Problem to solve | Exclude all pictures, then write out exactly the lines below from the first one through the line with "HỆ THỐNG MÁY".

Data provided |
==============================

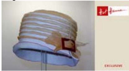
Angebot Nr. 1

Ladenöffnungszeiten: Mo.-Fr. 9:30 - 19:00 Uhr Sa. 9:30 - 17:00 Uhr
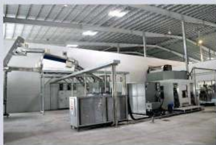
HỆ THỐNG MÁY THỐI CHAI NHỰA (Công suất 24.000 chai/giờ) Plastic bottle manufacturing system (Capacity 24.000 bottles per hour)

The factory was set up with the most advanced and modern automated technology of the U.S and Germany. The current capacity has reached 100 million liters per year (40% can and 60% PET Bottle). The capacity can be easily expanded to 200 million liters per year or more because the factory is located on an area of more than 28 thousand square meters within the Tam Quang industrial zone (390 thousand square meters) which has been allocated to Hương Sen Group to manage, invest and exploit by the Thai Binh Provincial government's decision.

==============================

Answer space |
Angebot Nr. 1

Ladenöffnungszeiten: Mo.-Fr. 9:30 - 19:00 Uhr Sa. 9:30 - 17:00 Uhr
HỆ THỐNG MÁY THỐI CHAI NHỰA (Công suất 24.000 chai/giờ) Plastic bottle manufacturing system (Capacity 24.000 bottles per hour)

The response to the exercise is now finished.